··· INFORMATION SUPPLIED ···

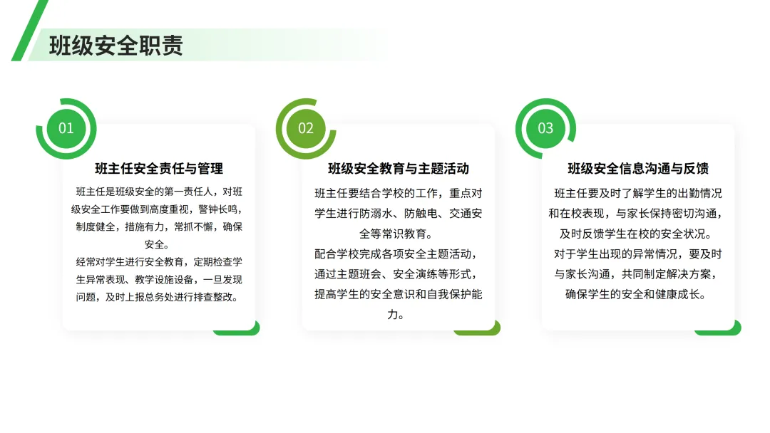 班主任是班级安全的第一责任人,对班级安全工作要做到高度重视,警钟长鸣。要建立健全班级安全管理制度,制定切实可行的安全措施,确保班级安全工作常抓不懈。要经常对学生进行安全教育,定期检查学生的异常表现和教学设施设备,一旦发现问题,及时上报总务处进行排查整改。
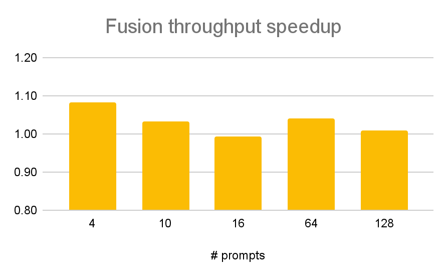 Figure 7: On Llama 3.1 405B quantized to FP8, tested on 8x AMD MI300s, fused kernels (fusion, in yellow) outperformed both default (using torch ops for RMSNorm and SiLU and custom FP8 quant kernel) and custom (unfused custom kernels).
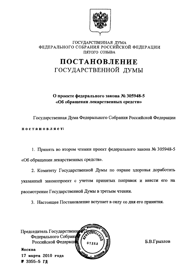 ПОСТАНОВЛЕНИЕ ГД ФС РФ от 17.03.2010 N 3355-5 ГД

···

* [BRIEF] Copy exactly, and copy nothing else: the lines from the one containing "Figure 7: On" through the end of the data, both ends included, with pictures left out.

* [COMPLETED TASK]
 Figure 7: On Llama 3.1 405B quantized to FP8, tested on 8x AMD MI300s, fused kernels (fusion, in yellow) outperformed both default (using torch ops for RMSNorm and SiLU and custom FP8 quant kernel) and custom (unfused custom kernels).
 ПОСТАНОВЛЕНИЕ ГД ФС РФ от 17.03.2010 N 3355-5 ГД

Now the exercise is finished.